New-York Historical Society
The Bonnie and Richard Reiss Graduate Institute for Constitutional History Seminar

Presented in person at the New-York Historical Society

The Bonnie and Richard Reiss Graduate Institute for Constitutional History is pleased to announce its fall 2021 seminar for advanced graduate students and junior faculty:

Constitutions in Conflict: Proslavery versus Antislavery

Meeting Dates & Time: Fridays, October 29, November 5 and 19, December 10, 2021 | 2–5 pm ET

The Constitution of 1787 was, famously, a compromise between proslavery and antislavery delegates. For that very reason the supporters and opponents of slavery would go on to invoke the Constitution in support of their very different causes. This seminar will examine four critical points at which very different interpretations of slavery and the Constitution were debated. Did the Constitution empower Congress to ban slavery from the territories, as opponents of slavery always argued? Or did the Constitution protect slavery in the territories, as many Southerners eventually claimed? Did the Fugitive Slave Clause recognize slave ownership as a right of property, or did the Fifth Amendment guarantee accused fugitives the rights of due process? How should we think about the majority and dissenting opinions in the Dred Scott case? What were the constitutional issues at stake in the election of 1860 and the secession crisis provoked by Lincoln’s victory? Over the course of four sessions the course will critically examine these questions through the close reading of primary sources.


James Oakes
, one of the foremost Civil War historians and a two-time winner of the Lincoln Prize for his works on the politics of abolition, teaches at the Graduate Center of the City University of New York. His most recent book is The Crooked Path to Abolition: Abraham Lincoln and the Antislavery Constitution. Sean Wilentz is George Henry Davis 1886 Professor of American History at Princeton University. A prizewinning author, his many books include The Rise of American Democracy: Jefferson to Lincoln and No Property in Man: Slavery and Antislavery at the Nation’s Founding.

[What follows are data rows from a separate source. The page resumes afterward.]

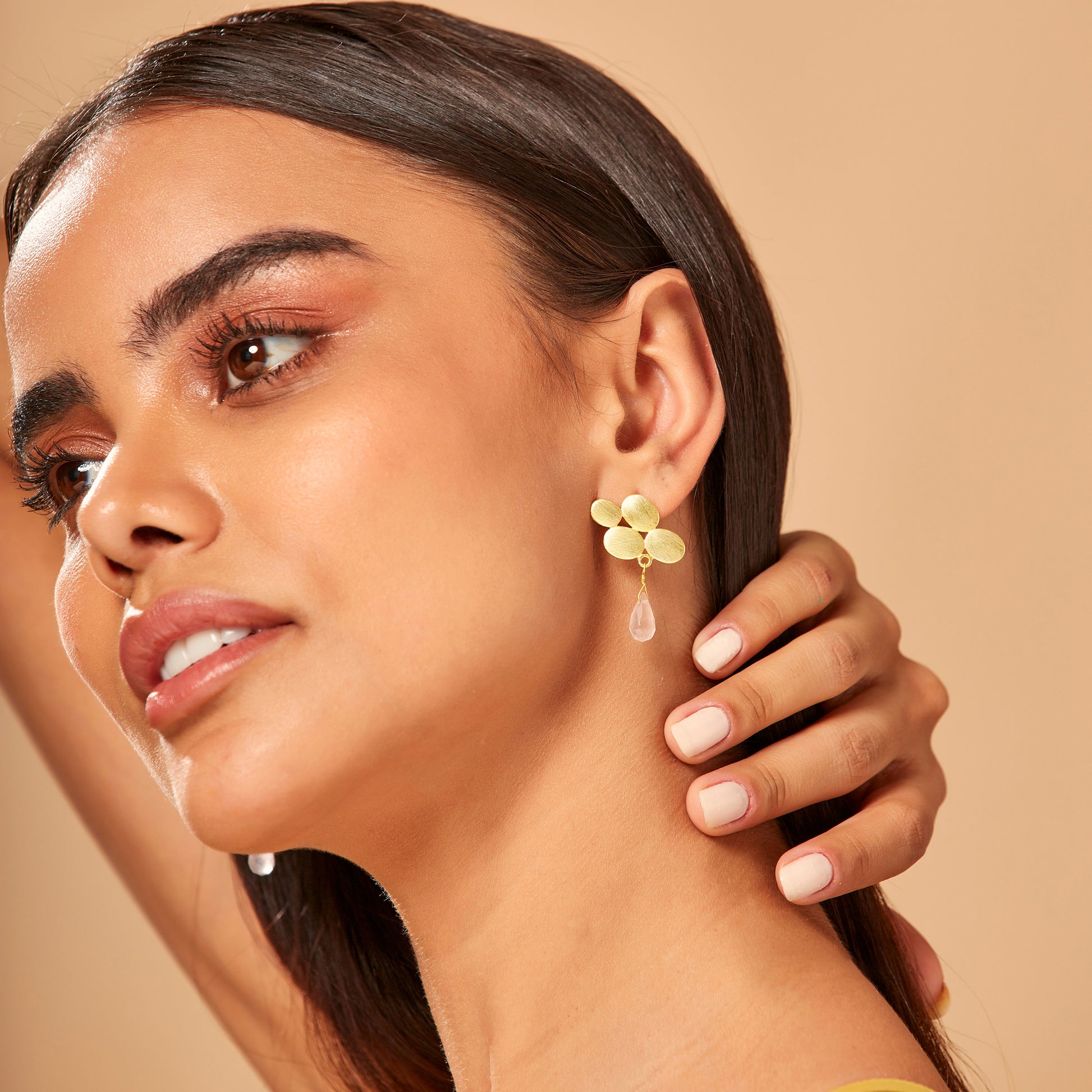 Elevate your style with a dash of delicate cuteness! Our Bubble Plop Earrings bring the bling with Rose Quartz stones in 18K Gold Plating.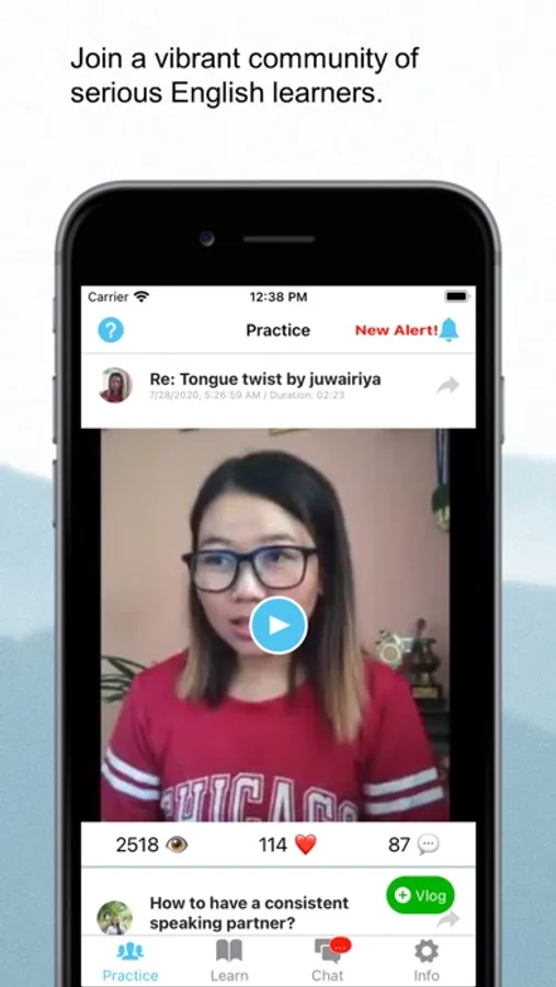You will also have plenty of opportunities to interact with serious English learners around the world by sending voice messages to one another and creating vlogs in English. Our speech recognition server will turn each voice message into text to help you see where you can improve upon.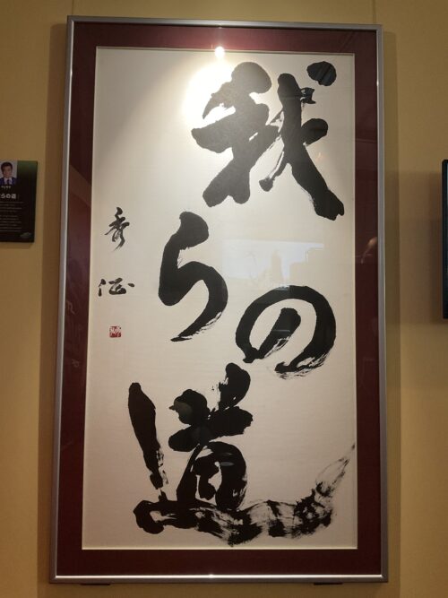 タレントであり書道家としても活躍する中山秀征さんによる、チルドレン・オブ・ザ・ウォッチの言葉「我らの道」の力強い書が。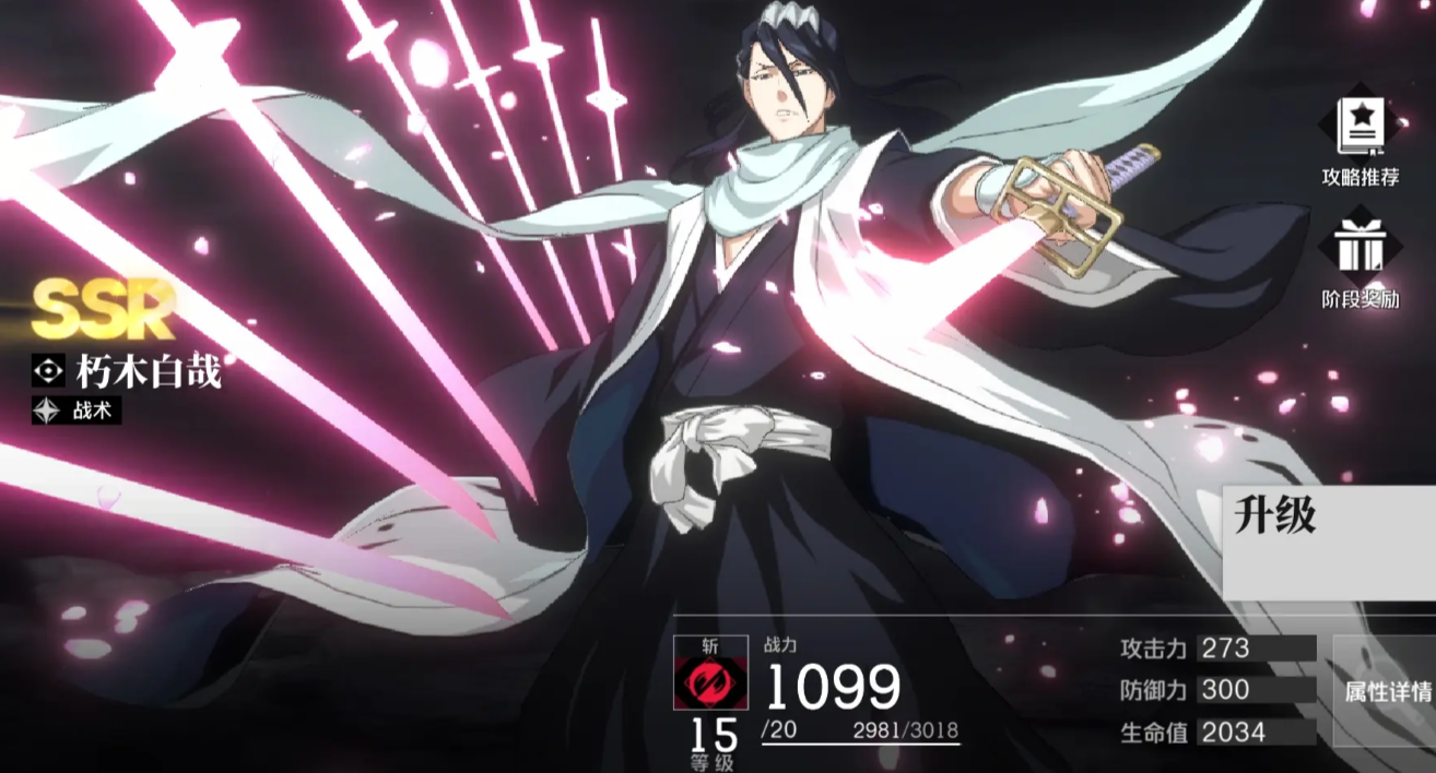 朽木白哉是游戏当中SSR级别的强攻型角色,主要技能附带有穿透敌方防御的效果,在使用了大招期间,可以提升自身技术攻击倍率的400%,在游戏内,可以进行推图和清场,于PVE内,是最强的一个输出单位。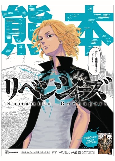 広告の絵柄は、配布される都道府県ごとに異なる全47種類。主人公の花垣武道(タケミっち)が「京都リベンジャーズ」として「京都にきぃや」と呼びかければ、タケミっちを目にかける不良グループ「東京卍會」総長のマイキーは「熊本リベンジャーズ」として「からし蓮根ば食えたらいっちょまえたい」とつぶやくなど、ご当地ネタと方言が登場。東京都内のみ「日本リベンジャーズ」として主要キャラクターが総出演しています。
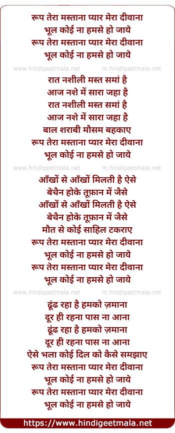 Lyrics of Roop Tera Mastanaa - रूप तेरा मस्ताना

The seminar will be presented in person at the New-York Historical Society, 170 Central Park West, New York, NY 10024, on the following dates:

  • Friday, October 29, 2021 | 2–5 pm ET
  • Friday, November 5, 2021 | 2–5 pm ET
  • Friday, November 19, 2021 | 2–5 pm ET
  • Friday, December 10, 2021 | 2–5 pm ET

Accepted students will receive further instructions and the classroom location within the New-York Historical Society.

The seminar is designed for graduate students, junior faculty, and teachers/instructors in history, political science, law, and related disciplines. All participants will be expected to complete the assigned readings and participate in seminar discussions. Although the Institute cannot offer academic credit directly for the seminar, students may be able to earn graduate credit through their home departments by completing an independent research project in conjunction with the seminar. Please consult with your advisor and/or director of graduate studies about these possibilities.

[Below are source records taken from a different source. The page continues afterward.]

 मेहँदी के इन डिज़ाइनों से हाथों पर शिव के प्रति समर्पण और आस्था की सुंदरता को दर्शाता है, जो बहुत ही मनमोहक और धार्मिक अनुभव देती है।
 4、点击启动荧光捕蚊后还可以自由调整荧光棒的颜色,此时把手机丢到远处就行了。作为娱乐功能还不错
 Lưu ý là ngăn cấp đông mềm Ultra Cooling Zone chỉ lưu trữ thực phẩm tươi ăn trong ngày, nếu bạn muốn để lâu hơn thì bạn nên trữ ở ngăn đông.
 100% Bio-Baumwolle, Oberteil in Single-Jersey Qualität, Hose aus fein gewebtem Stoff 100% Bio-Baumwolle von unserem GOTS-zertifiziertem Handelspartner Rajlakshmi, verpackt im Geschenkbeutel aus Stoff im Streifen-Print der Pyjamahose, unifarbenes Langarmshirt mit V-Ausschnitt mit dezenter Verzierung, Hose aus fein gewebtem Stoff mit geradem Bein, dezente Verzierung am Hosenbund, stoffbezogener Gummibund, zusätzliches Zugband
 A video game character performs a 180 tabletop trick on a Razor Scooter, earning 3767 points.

Space is limited. To apply, please submit the following material to by September 22, 2021:

  • Your C.V.
  • A short statement on how this seminar will be useful to you in your research, teaching, or professional development.

Successful applicants will be notified soon thereafter. For further information, please email Alexander Kassl at

There is no tuition or other charge for this seminar, though participants will be expected to acquire the assigned books on their own.

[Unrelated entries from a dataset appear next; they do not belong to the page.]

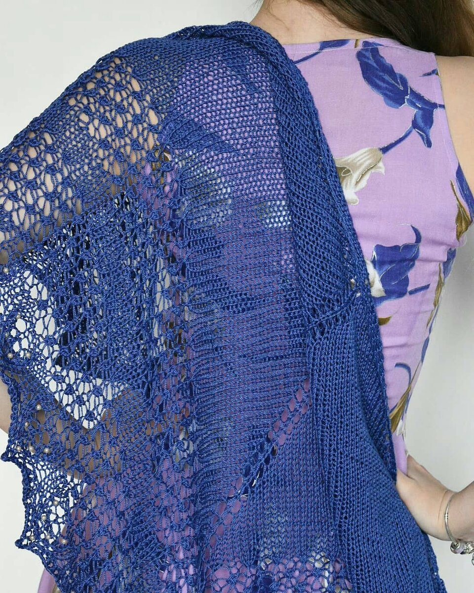 Набираем три петли обычным способом (ФОТО 1). Вяжем шесть рядов лицевыми петлями (ФОТО 2). Затем на правую спицу нанизываем три узелка правого края вязания (ФОТО 3), провязываем три петли (на правой спице образуется 6 петель - ФОТО 4). На левую спицу нанизываем три узелка левого края вязания (ФОТО 5) и провязываем их, получается 9 петель на правой спице (ФОТО 6). Делим их маркером на три кромочные петли (справа три и слева три), и одну центральную (ФОТО 7). Начинаем вязать полотно платка лицевыми и изнаночными петлями, кромочные петли ("кромка") только лицевыми, при этом в каждом лицевом ряду делаем прибавления по 1 петле к правой и левой "кромке" и по 2 две петли к "центральной" (ФОТО 8). Листайте галерею. 74 ряда вяжем лицевой гладью, после чего переходим на узор — 1. Узор вяжется следующим образом: лицевые ряды из 1 петли вывязываем (вытягиваем) 3 пет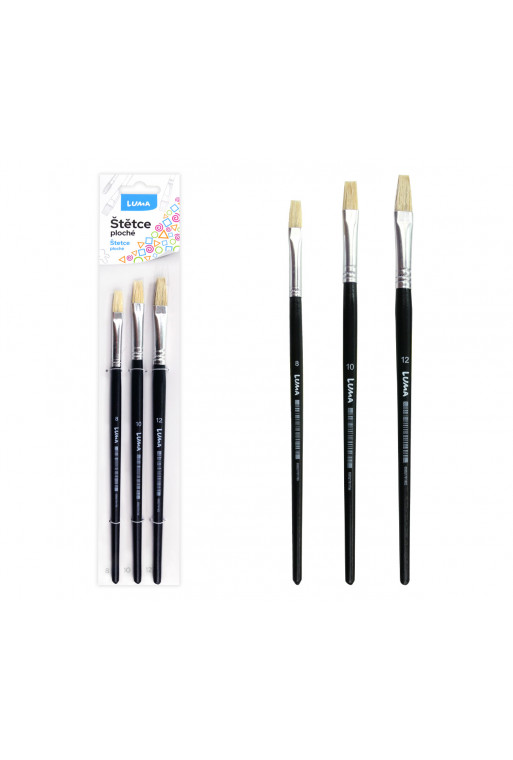 - prírodný materiál- lakovaná rukoväť s bezšvovou hliníkovou púzdrom- vhodné na maľbu vodovkami, temperami, akvarelovými aj olejovými farbami- vhodné pre školákov, predškolákov aj pre umelcov- v sade ploché štetce č. 6, 10, 12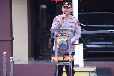 Kapolres Jepara AKBP Erick menyampaikan atensinya kepada seluruh personel yang mengikuti apel pagi. Salah satunya kedisiplinan anggota saat berdinas menjalankan tugas melayani masyarakat.

Lead Image: Mcconnell Map Co, and James McConnell. McConnell's Historical maps of the United States. [Chicago, Ill.: McConnell Map Co, 1919] Map: Sean Wilentz photo: Sameer A. Khan.



The Bonnie and Richard Reiss Graduate Institute for Constitutional History (ICH) is the nation’s premier institute dedicated to ensuring that future generations of Americans understand the substance and historical development of the U.S. Constitution. Located at the New York Historical Society, the Institute is co-sponsored by the American Historical Association, the Organization of American Historians, and the American Political Science Association. The Association of American Law Schools is a cooperating entity. ICH prepares junior scholars and college instructors to convey to their readers and students the important role the Constitution has played in shaping American society. ICH also provides a national forum for the preparation and dissemination of humanistic, interdisciplinary scholarship on American constitutional history.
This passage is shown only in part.